▸ Task material
....................

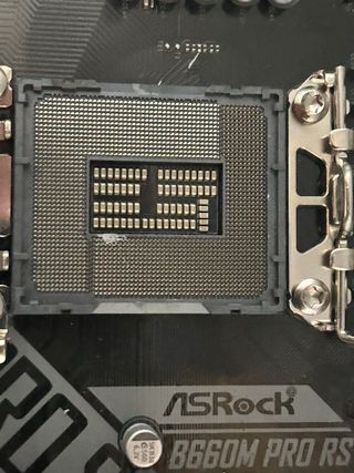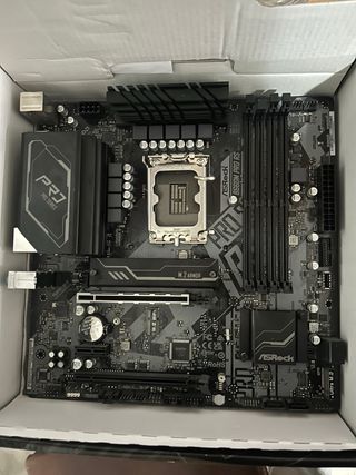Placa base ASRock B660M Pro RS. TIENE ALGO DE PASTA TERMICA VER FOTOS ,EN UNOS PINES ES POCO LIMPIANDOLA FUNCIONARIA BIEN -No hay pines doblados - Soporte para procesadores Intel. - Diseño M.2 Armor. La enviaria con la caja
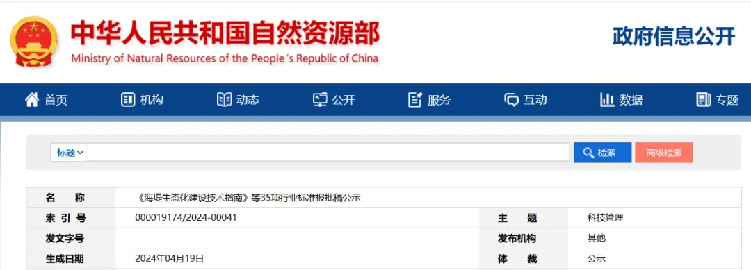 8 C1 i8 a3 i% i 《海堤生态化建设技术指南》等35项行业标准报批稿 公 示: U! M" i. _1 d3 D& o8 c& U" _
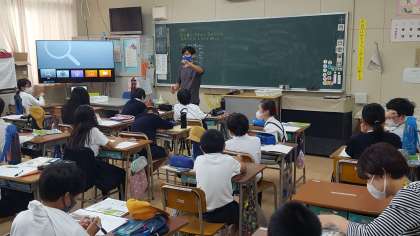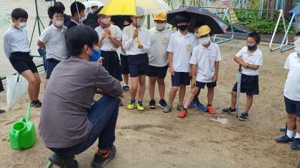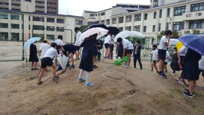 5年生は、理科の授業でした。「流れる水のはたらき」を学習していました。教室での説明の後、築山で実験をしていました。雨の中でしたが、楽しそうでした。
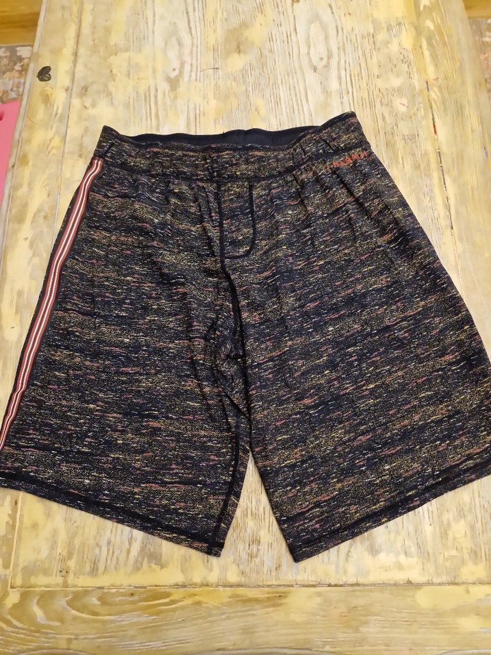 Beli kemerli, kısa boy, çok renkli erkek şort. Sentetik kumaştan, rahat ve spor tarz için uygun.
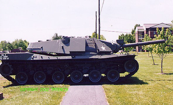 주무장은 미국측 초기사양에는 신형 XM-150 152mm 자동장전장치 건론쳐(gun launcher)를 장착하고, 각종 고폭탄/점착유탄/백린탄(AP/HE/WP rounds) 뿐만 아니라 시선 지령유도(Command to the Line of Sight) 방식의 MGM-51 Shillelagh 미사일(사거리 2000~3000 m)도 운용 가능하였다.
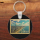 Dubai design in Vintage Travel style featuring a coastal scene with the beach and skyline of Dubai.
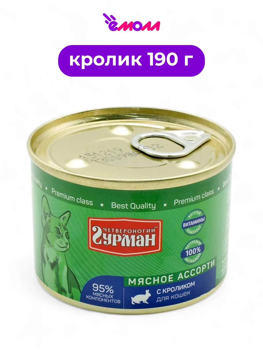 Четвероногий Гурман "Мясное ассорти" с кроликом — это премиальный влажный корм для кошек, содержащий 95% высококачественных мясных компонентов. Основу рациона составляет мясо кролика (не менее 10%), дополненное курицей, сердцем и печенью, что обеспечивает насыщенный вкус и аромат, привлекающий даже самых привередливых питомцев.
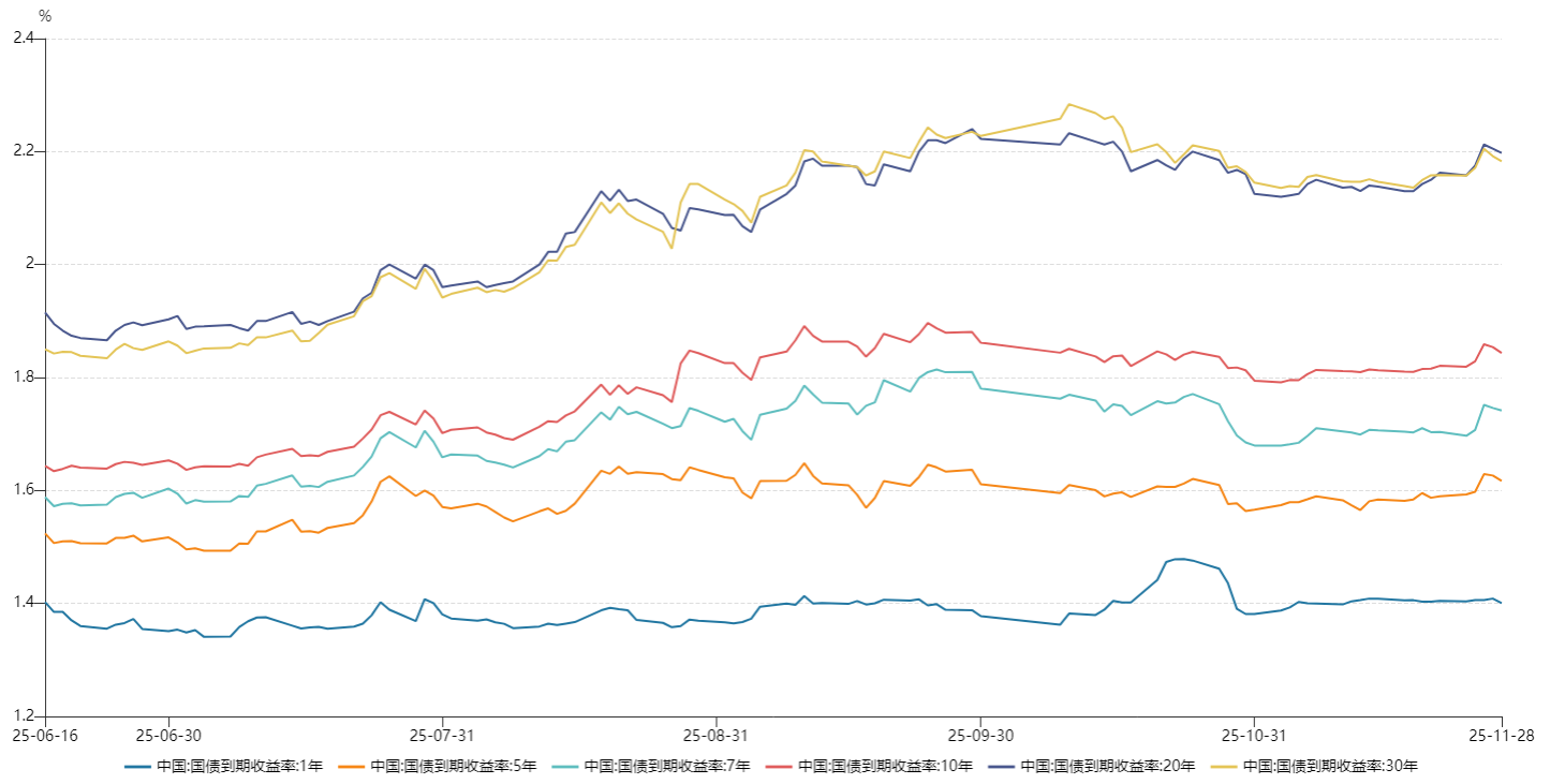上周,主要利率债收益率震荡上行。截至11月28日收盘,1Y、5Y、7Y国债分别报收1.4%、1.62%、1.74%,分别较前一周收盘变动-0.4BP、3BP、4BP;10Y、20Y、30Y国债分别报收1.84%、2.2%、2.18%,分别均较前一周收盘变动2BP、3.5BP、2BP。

....................

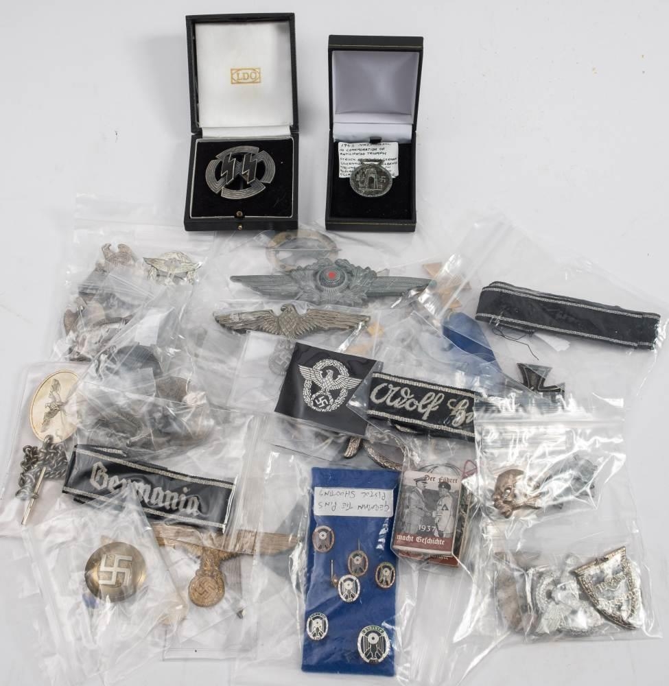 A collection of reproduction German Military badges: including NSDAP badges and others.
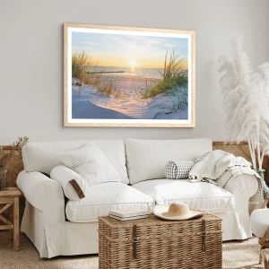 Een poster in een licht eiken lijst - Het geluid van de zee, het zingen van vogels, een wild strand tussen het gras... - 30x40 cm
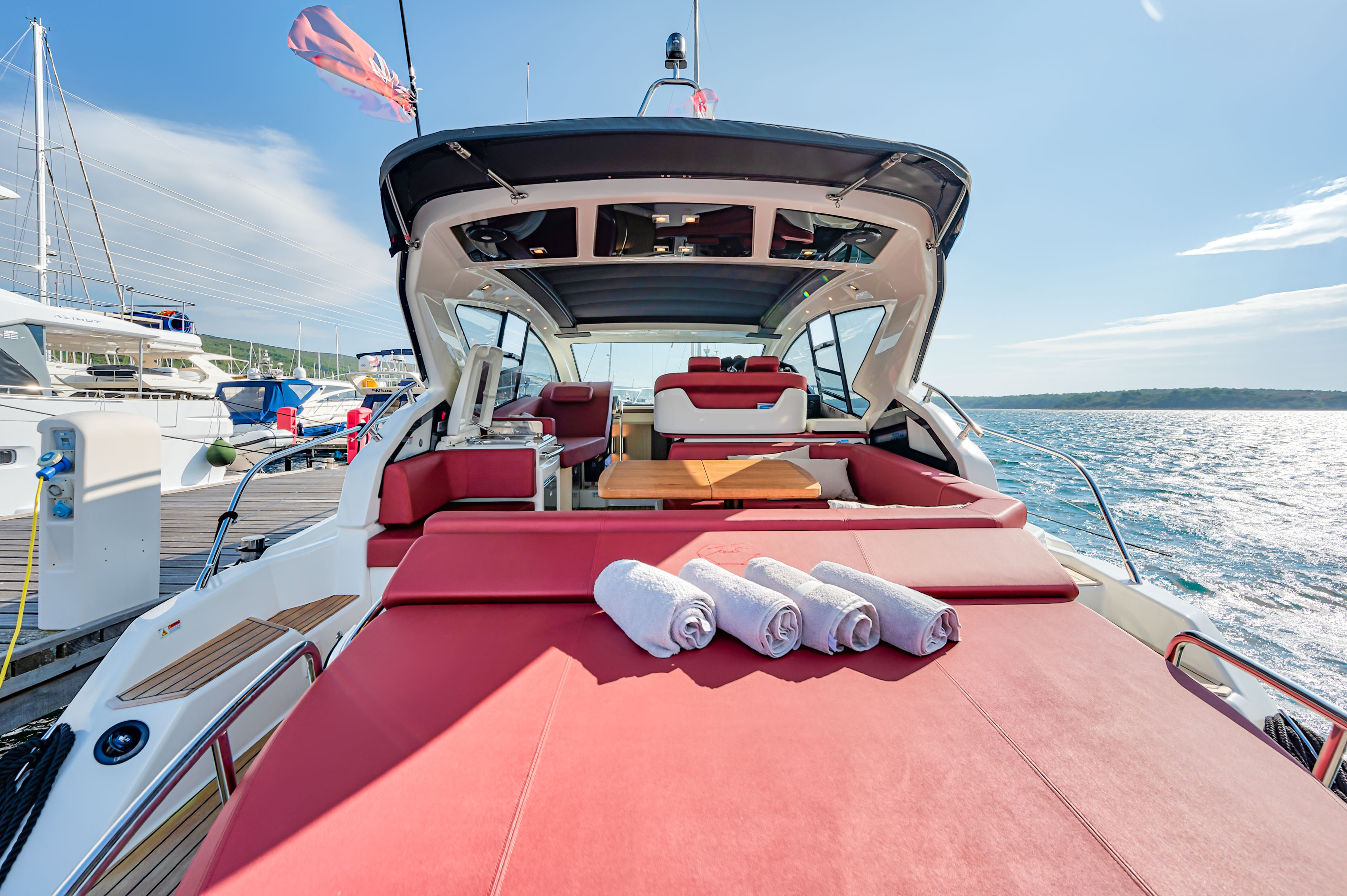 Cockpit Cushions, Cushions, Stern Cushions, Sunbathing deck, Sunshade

....................

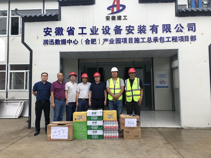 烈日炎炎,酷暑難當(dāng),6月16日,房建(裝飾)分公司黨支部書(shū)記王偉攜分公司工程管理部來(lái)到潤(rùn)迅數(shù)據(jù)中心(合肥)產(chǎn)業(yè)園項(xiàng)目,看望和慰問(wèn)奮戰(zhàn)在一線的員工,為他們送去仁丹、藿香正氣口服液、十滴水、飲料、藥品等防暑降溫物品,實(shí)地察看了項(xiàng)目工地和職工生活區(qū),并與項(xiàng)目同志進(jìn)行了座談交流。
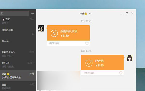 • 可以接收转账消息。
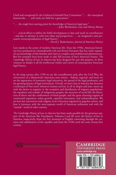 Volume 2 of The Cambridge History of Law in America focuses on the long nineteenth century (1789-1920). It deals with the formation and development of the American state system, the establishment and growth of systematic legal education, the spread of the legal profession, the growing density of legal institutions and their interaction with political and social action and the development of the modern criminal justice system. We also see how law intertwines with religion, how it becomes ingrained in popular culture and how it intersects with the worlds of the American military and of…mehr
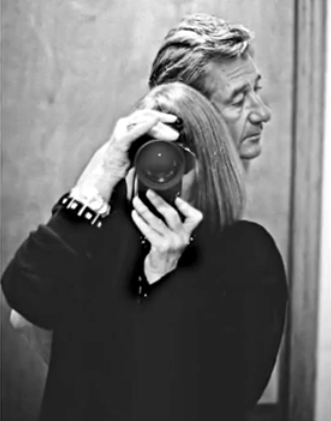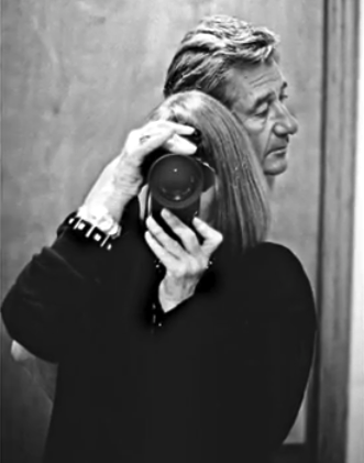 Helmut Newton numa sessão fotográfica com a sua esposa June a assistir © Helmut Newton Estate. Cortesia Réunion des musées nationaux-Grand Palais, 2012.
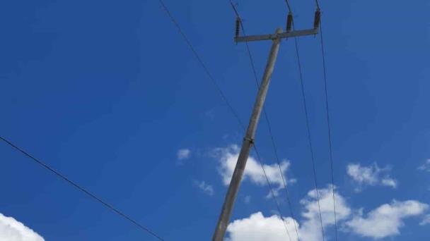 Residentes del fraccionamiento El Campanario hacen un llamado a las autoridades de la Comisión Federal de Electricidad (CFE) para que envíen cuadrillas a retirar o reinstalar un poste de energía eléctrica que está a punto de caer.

....................

Using the records above, print exactly the lines between the ones containing "주무장은 미국측 초기사양에는" and "上周,主要利率债收益率震荡上", inclusive, and nothing else; no pictures.

▸ Reply
 주무장은 미국측 초기사양에는 신형 XM-150 152mm 자동장전장치 건론쳐(gun launcher)를 장착하고, 각종 고폭탄/점착유탄/백린탄(AP/HE/WP rounds) 뿐만 아니라 시선 지령유도(Command to the Line of Sight) 방식의 MGM-51 Shillelagh 미사일(사거리 2000~3000 m)도 운용 가능하였다.
 Dubai design in Vintage Travel style featuring a coastal scene with the beach and skyline of Dubai.
 Четвероногий Гурман "Мясное ассорти" с кроликом — это премиальный влажный корм для кошек, содержащий 95% высококачественных мясных компонентов. Основу рациона составляет мясо кролика (не менее 10%), дополненное курицей, сердцем и печенью, что обеспечивает насыщенный вкус и аромат, привлекающий даже самых привередливых питомцев.
上周,主要利率债收益率震荡上行。截至11月28日收盘,1Y、5Y、7Y国债分别报收1.4%、1.62%、1.74%,分别较前一周收盘变动-0.4BP、3BP、4BP;10Y、20Y、30Y国债分别报收1.84%、2.2%、2.18%,分别均较前一周收盘变动2BP、3.5BP、2BP。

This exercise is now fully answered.